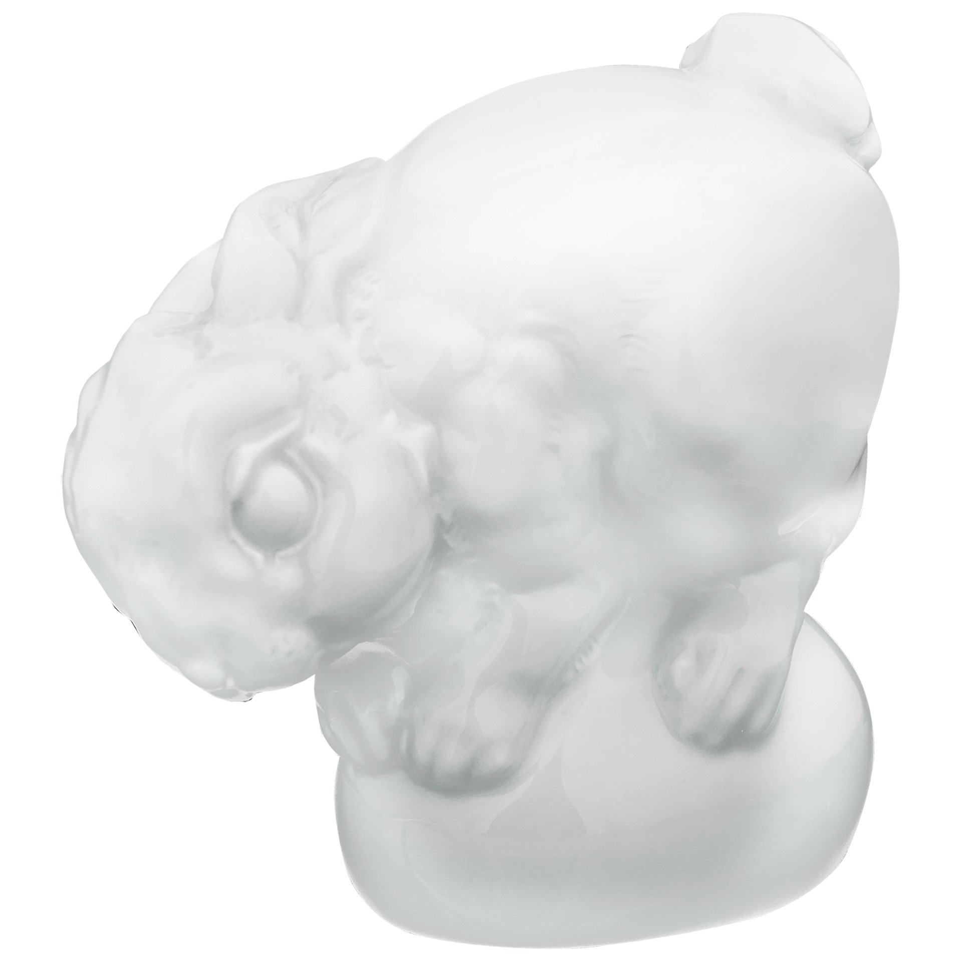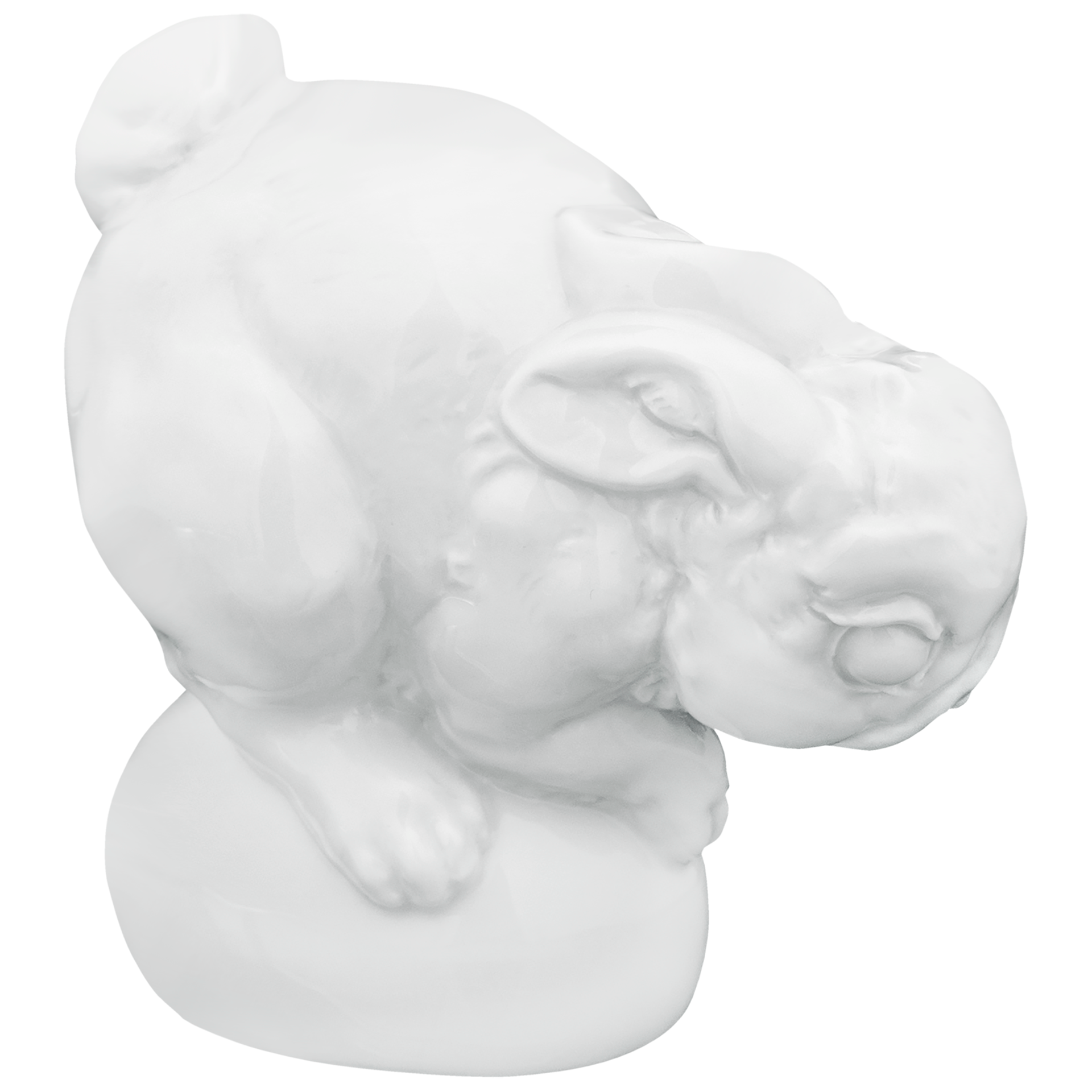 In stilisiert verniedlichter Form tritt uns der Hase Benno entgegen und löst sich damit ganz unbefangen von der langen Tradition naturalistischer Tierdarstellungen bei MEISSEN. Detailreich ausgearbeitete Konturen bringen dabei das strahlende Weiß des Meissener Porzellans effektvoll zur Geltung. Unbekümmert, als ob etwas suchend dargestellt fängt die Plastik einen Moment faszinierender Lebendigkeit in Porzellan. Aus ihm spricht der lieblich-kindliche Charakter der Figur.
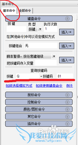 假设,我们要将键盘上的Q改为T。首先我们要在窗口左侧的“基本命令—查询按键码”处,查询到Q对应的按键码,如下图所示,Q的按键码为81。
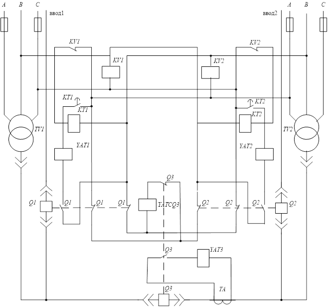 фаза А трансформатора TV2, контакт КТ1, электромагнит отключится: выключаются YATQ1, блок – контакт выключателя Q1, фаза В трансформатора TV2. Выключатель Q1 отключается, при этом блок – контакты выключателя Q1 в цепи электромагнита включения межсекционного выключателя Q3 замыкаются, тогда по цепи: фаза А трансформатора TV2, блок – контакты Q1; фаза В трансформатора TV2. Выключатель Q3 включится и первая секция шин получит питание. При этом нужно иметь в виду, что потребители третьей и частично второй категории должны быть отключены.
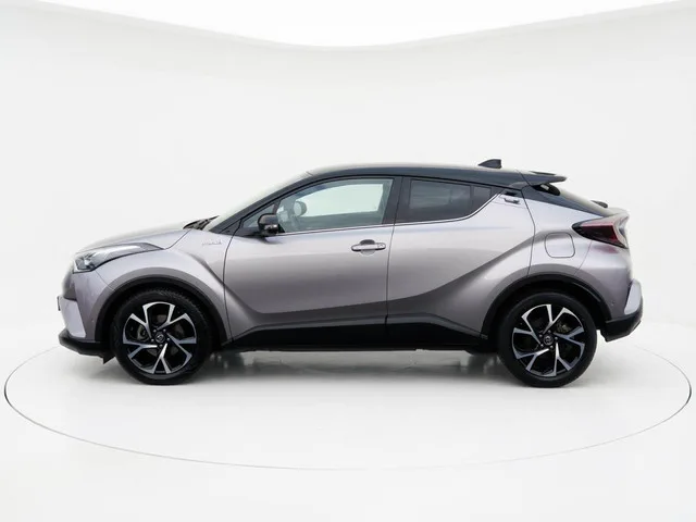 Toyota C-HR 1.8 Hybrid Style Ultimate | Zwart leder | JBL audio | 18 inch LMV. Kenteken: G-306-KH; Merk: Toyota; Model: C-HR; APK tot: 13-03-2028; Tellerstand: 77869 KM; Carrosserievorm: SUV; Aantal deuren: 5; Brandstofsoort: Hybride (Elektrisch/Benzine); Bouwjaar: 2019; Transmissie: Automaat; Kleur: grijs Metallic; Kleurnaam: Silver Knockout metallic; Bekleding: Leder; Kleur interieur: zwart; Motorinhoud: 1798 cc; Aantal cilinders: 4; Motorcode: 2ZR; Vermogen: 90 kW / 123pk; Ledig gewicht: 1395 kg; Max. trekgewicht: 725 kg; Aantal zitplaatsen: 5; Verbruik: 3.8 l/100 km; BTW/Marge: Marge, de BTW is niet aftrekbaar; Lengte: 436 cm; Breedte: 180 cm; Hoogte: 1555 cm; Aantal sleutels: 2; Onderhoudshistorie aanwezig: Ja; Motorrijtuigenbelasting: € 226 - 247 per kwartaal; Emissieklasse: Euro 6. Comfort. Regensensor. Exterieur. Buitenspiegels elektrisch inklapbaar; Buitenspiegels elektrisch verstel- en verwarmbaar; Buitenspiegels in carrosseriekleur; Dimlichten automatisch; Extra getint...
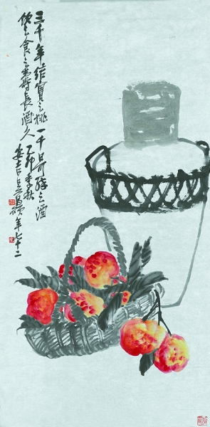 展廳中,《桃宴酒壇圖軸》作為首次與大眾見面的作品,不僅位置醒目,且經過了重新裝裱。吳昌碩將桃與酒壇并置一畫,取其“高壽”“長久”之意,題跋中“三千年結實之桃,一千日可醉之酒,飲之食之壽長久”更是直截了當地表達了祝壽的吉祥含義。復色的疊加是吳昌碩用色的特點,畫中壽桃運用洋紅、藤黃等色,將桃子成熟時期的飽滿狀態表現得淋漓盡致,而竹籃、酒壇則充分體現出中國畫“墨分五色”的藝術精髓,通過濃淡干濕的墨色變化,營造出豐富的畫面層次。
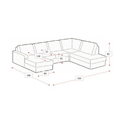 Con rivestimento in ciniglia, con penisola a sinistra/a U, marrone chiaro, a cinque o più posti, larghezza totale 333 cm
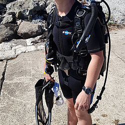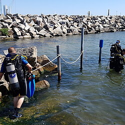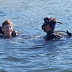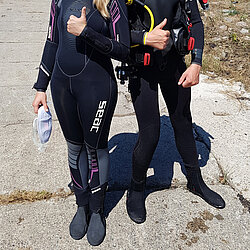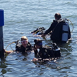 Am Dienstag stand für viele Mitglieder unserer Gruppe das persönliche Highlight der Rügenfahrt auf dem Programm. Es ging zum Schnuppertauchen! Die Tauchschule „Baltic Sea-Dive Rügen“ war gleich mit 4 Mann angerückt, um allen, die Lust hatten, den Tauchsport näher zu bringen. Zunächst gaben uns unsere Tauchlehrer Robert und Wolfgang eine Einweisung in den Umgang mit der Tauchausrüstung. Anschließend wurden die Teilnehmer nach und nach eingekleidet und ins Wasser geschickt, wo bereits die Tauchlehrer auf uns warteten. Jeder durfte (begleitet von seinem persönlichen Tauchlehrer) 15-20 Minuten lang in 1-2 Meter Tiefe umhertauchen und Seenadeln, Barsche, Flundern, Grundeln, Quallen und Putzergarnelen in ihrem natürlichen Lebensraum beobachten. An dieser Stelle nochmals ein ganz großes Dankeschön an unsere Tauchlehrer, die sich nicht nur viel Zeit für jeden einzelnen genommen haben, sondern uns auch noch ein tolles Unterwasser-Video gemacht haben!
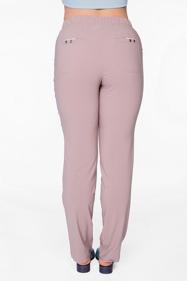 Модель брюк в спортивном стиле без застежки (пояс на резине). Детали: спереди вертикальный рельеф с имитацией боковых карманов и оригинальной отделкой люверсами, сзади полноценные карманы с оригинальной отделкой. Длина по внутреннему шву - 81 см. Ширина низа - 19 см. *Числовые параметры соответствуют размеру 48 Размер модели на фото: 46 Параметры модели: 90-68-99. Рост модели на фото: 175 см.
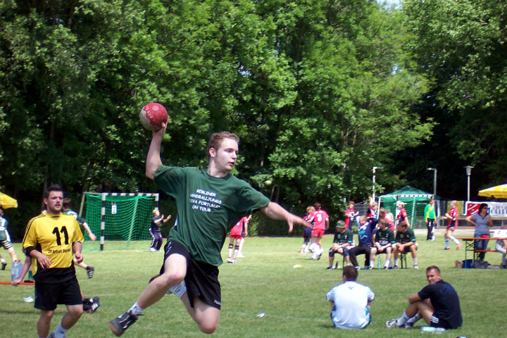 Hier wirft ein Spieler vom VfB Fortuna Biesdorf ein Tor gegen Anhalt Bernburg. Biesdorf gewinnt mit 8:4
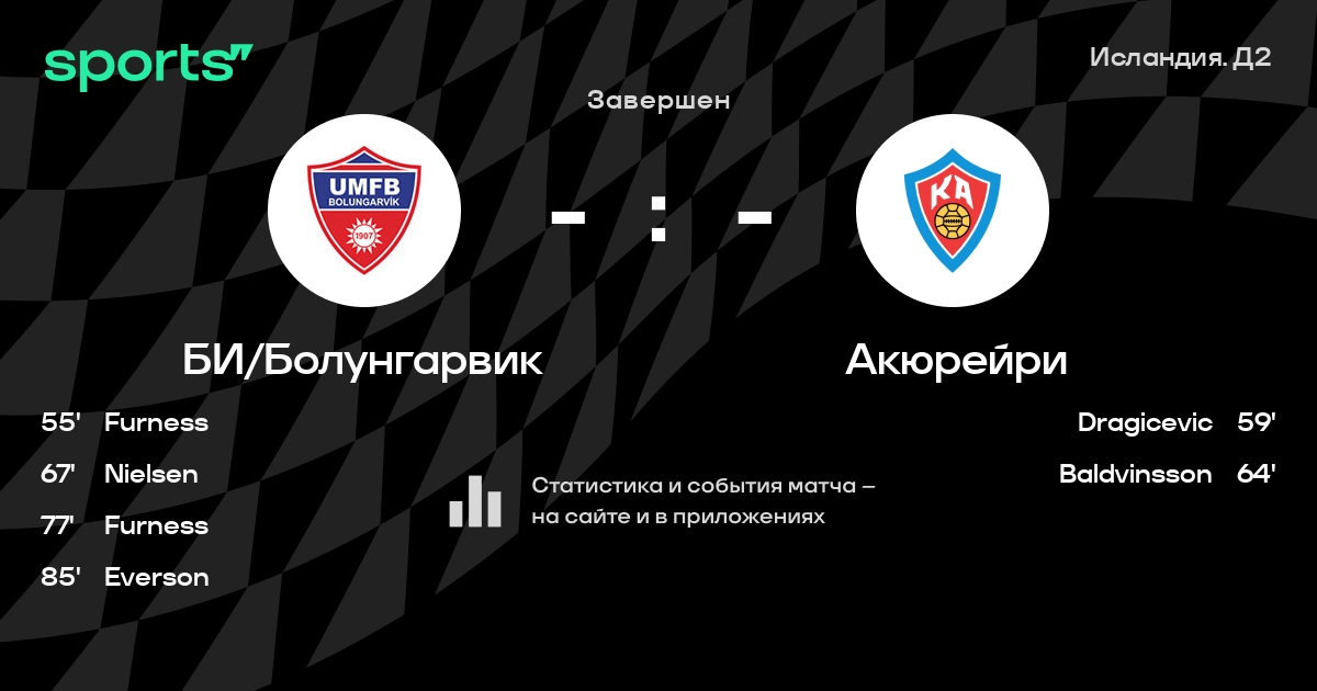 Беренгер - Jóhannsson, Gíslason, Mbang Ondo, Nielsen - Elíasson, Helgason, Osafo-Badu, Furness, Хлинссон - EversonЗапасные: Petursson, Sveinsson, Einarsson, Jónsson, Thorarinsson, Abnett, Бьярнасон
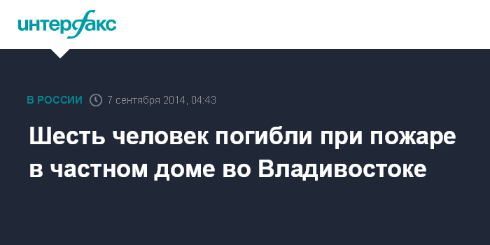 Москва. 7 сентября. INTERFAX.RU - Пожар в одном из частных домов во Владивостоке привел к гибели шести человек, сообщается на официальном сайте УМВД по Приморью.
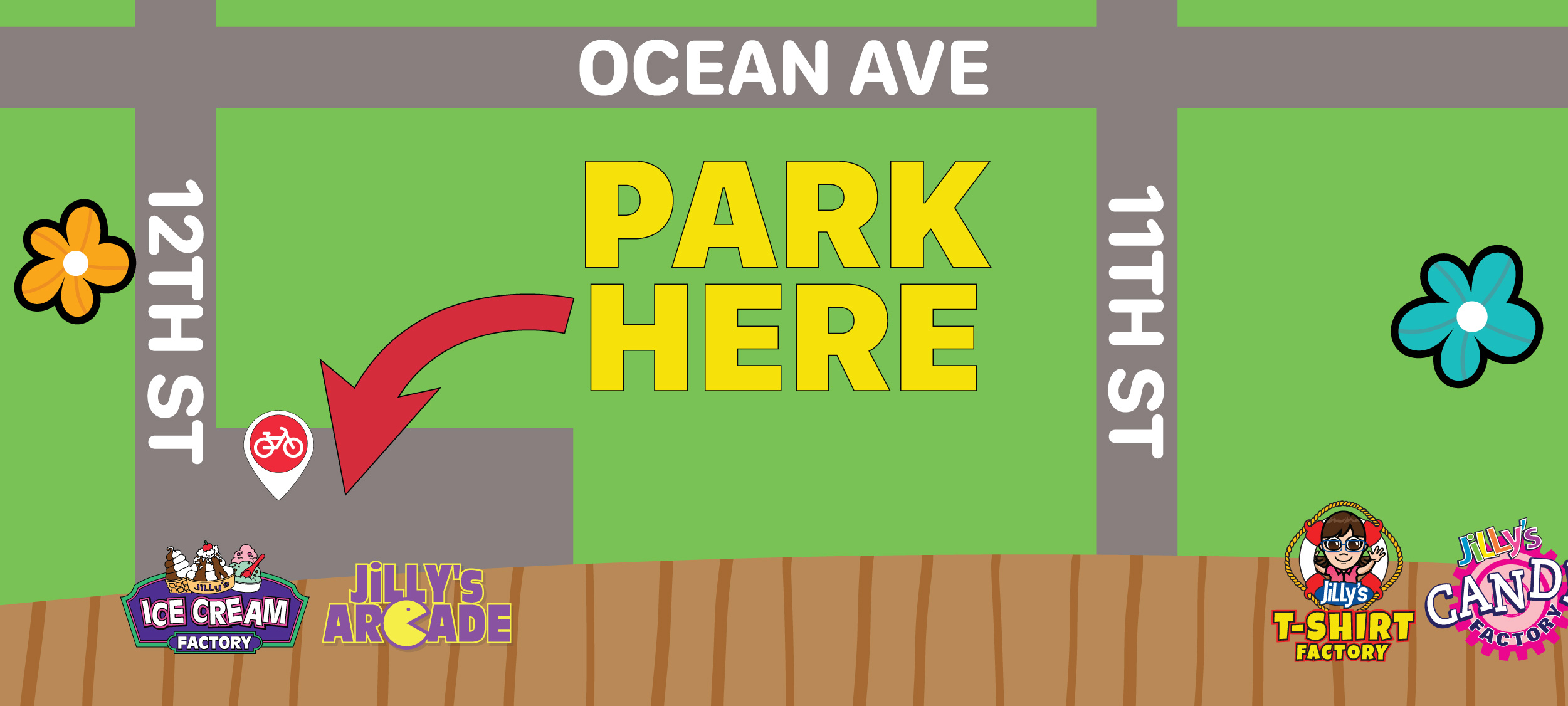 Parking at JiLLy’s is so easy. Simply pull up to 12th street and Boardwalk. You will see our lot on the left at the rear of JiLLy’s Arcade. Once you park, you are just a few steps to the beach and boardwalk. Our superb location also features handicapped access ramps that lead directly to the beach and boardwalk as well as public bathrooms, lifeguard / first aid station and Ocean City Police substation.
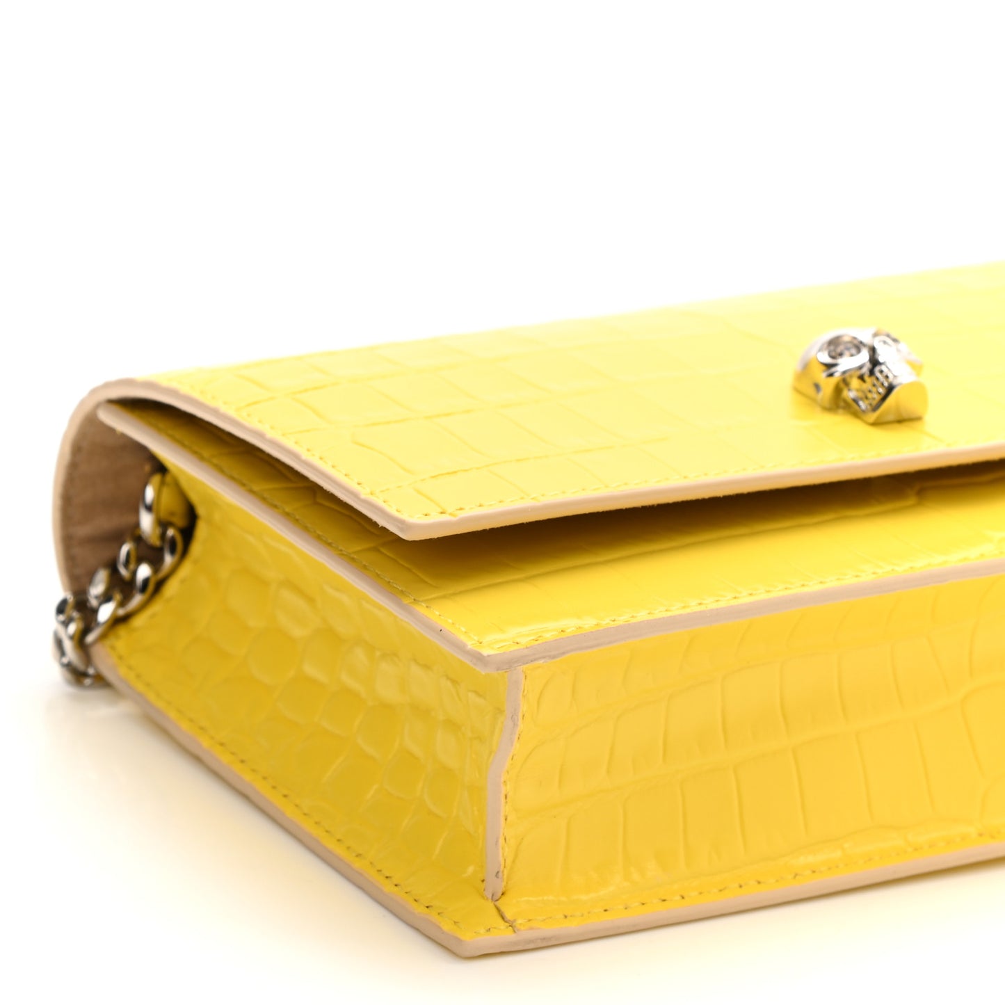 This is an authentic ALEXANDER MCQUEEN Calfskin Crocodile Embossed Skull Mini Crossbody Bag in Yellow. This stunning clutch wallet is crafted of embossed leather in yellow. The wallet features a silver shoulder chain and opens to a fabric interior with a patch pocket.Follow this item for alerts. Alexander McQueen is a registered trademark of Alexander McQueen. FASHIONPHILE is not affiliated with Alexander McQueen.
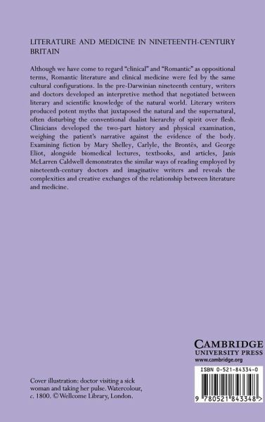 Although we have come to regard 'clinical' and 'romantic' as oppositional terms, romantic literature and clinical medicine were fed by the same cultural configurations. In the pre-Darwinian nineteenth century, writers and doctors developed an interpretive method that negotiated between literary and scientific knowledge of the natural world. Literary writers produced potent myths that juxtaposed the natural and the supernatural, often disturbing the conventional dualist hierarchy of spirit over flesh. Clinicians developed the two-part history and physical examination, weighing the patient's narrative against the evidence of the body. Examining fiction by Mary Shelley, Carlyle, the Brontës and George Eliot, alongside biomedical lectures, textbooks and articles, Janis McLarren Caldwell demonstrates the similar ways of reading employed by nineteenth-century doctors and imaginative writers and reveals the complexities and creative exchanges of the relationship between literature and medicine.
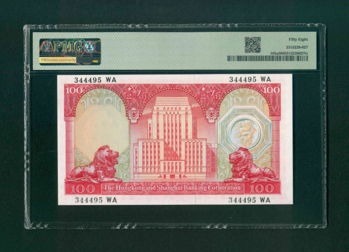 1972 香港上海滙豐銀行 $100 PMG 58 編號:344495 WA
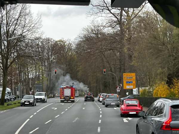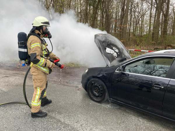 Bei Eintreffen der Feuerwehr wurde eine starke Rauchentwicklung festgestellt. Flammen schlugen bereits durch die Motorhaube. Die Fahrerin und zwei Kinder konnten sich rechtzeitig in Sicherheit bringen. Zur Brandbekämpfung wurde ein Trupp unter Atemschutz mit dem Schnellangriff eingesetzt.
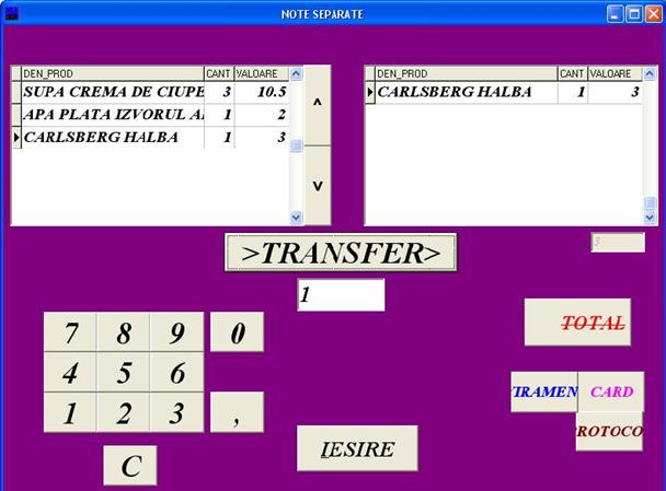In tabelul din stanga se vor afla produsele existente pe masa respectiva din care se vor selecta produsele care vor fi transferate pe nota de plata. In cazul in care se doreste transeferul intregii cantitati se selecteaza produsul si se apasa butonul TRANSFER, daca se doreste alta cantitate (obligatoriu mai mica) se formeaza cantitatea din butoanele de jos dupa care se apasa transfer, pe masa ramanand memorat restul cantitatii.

> [Work order]
After locating "Hier wirft ein" and "Parking at JiLLy’s" in the records above, return exactly the line holding each one and every line between them; leave out the pictures.

> [Response to the task]
 Hier wirft ein Spieler vom VfB Fortuna Biesdorf ein Tor gegen Anhalt Bernburg. Biesdorf gewinnt mit 8:4
 Беренгер - Jóhannsson, Gíslason, Mbang Ondo, Nielsen - Elíasson, Helgason, Osafo-Badu, Furness, Хлинссон - EversonЗапасные: Petursson, Sveinsson, Einarsson, Jónsson, Thorarinsson, Abnett, Бьярнасон
 Москва. 7 сентября. INTERFAX.RU - Пожар в одном из частных домов во Владивостоке привел к гибели шести человек, сообщается на официальном сайте УМВД по Приморью.
 Parking at JiLLy’s is so easy. Simply pull up to 12th street and Boardwalk. You will see our lot on the left at the rear of JiLLy’s Arcade. Once you park, you are just a few steps to the beach and boardwalk. Our superb location also features handicapped access ramps that lead directly to the beach and boardwalk as well as public bathrooms, lifeguard / first aid station and Ocean City Police substation.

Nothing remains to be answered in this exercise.